How can I save the aggregated results to another index?


(Mr.xian) #1

Now, I can save the results of the query to another index,like this:

POST _reindex
{
  "source": {
    "index": "twitter",
    "query":{
        "term":{"author.keyword":"Alex"} 
    }
  },
  "dest": {
    "index": "new_twitter"
  }
}

The above DSL are like those in SQL

insert into new_twitter select * from twitter where author='Alex'

But ,how do I save the aggregated results to another index?
Like this SQL statement down here

insert into new_twitter select author,count(1) cnt from twitter group by author

(David Pilato) #2

I don't think you can with existing API.
You should do that "manually" by yourself.
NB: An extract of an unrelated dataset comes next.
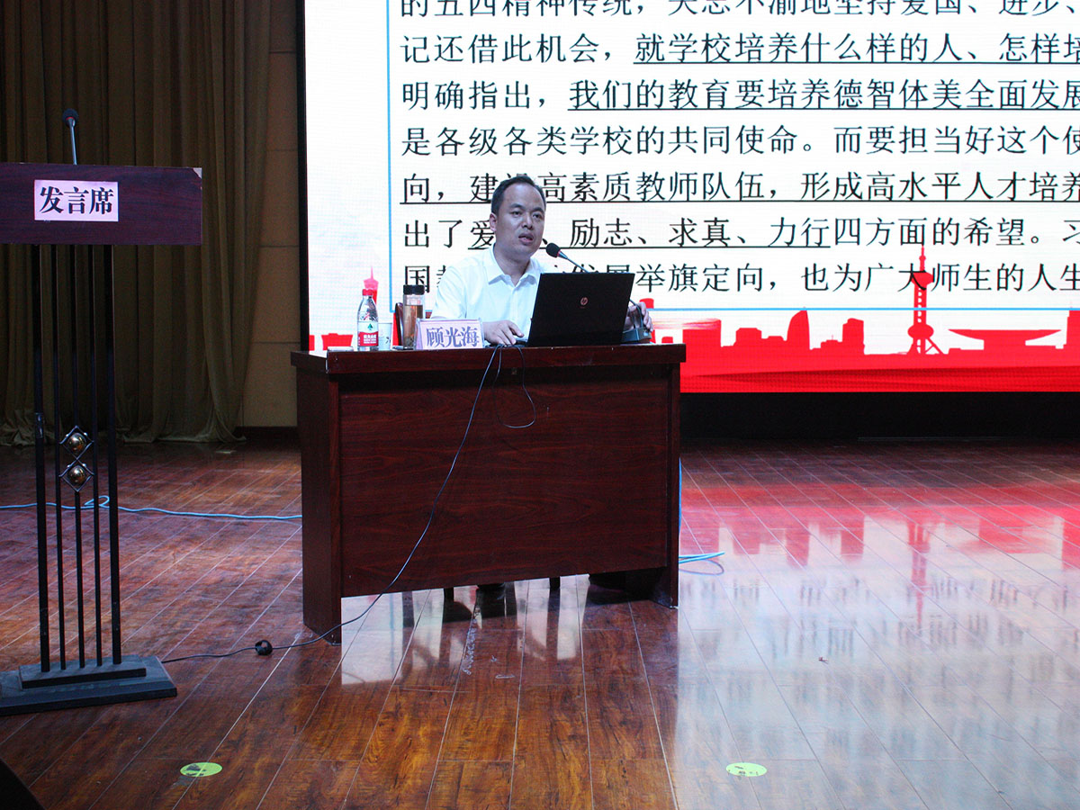 顾光海书记围绕习近平总书记在北京大学师生座谈会上重要讲话精神,从坚持社会主义办学方向,办出中国特色社会主义一流大学;坚持和巩固马克思主义指导地位,擦亮中国大学最鲜亮的底色;把握新时代教育的新使命,争做新时代“四有”好教师;把握人生际遇,在实现中国梦的生动实践中放飞青春梦想等五个方面为广大师生带来宣讲。对在座教师、学生提出了要求,并对如何办中国特色世界一流大学,马克思主义理论对中国的影响、如何学习马克思主义进行了精彩阐释。

Note that the new Rollup API does similar things but I think it's limited today to time based data.


(Mr.xian) #4

Well, I looked hard at the rollup document and thought it would not solve my problem, because this method is actually compression of time.So, I figured out if I could use scroll to process my data manually, which unfortunately doesn't work, because scroll can only scroll the result from query, but it can't scroll the result from aggregation.Now, I don't know what to do :frowning:


(David Pilato) #5

Why would you need to scroll the agg?

Can't you just take the response and extract from it the agg part and store it as a document?


(Mr.xian) #6

Because the results returned by agg are large, unless I set a very large size for agg, but this can be very memory consuming.If I set a small size and can't get all the agg results, for example, the following is my code so that only 100 or a limited agg can be returned

TermsAggregationBuilder cityAggs=AggregationBuilders.terms("cityAggs").field("cityName.keyword").size(100);
SearchResponse scrollResp = esClient.prepareSearch("community")
	.setScroll(new TimeValue(60000))
	.setQuery(query)
	.addAggregation(cityAggs)
	.setSize(300)
	.get();
AggregationBuilders.terms("cityAggs").field("cityName.keyword").size(100);

In this case, setSize=100, which is limited to returning only 100 aggregate results, in fact, I've got a lot of aggregate results, like a million, if I setSize=1,000,000, maybe I don't have enough memory, I guess

I'm really sorry, maybe I don't understand ES well enough, and I don't know whether I can clearly express my question :frowning:


(Mr.xian) #7
If the request specifies aggregations, only the initial search response will contain the aggregations results.

This is what I find in a document, reference https://www.elastic.co/guide/en/elasticsearch/reference/6.4/search-request-scroll.html
As described in the document, I should be able to scroll only the result of query, not agg


(David Pilato) #8

May be this can help: https://www.elastic.co/guide/en/elasticsearch/reference/current/search-aggregations-bucket-terms-aggregation.html#search-aggregations-bucket-terms-aggregation-size

If you want to retrieve all terms or all combinations of terms in a nested terms aggregation you should use the Composite aggregation which allows to paginate over all possible terms rather than setting a size greater than the cardinality of the field in the terms aggregation. The terms aggregation is meant to return the top terms and does not allow pagination.

But:

I'm really sorry, maybe I don't understand ES well enough, and I don't know whether I can clearly express my question

May be you should express why do you want to "export" this to another index?


(Mr.xian) #9

Thank you very much, Composite Aggregation solves my problem, and I can use the "after" parameter to page the result of the Aggregation, so that I can manually save all the aggregated results to another index.

This aggregation provides a way to stream all buckets of a specific aggregation similarly to what scroll does for documents.

I'm doing this because of our needs.

We collected buildings data from multiple websites, and the same building may appear on multiple websites. Now, I want to aggregate the buildings, just like SQL

select buildingName from collected_buildings group by buildingName.

Then, I need to save these aggregated buildings. Just like SQL

insert into buildings select buildingName from collected_buildings group by buildingName

Then I can use the index "buildings" to do a "non-repetitive" search of a building.


(David Pilato) #10

I can't comment more but often a way to solve problems in elasticsearch is to solve the problem at index time and not at search time.


(system) #11

This topic was automatically closed 28 days after the last reply. New replies are no longer allowed.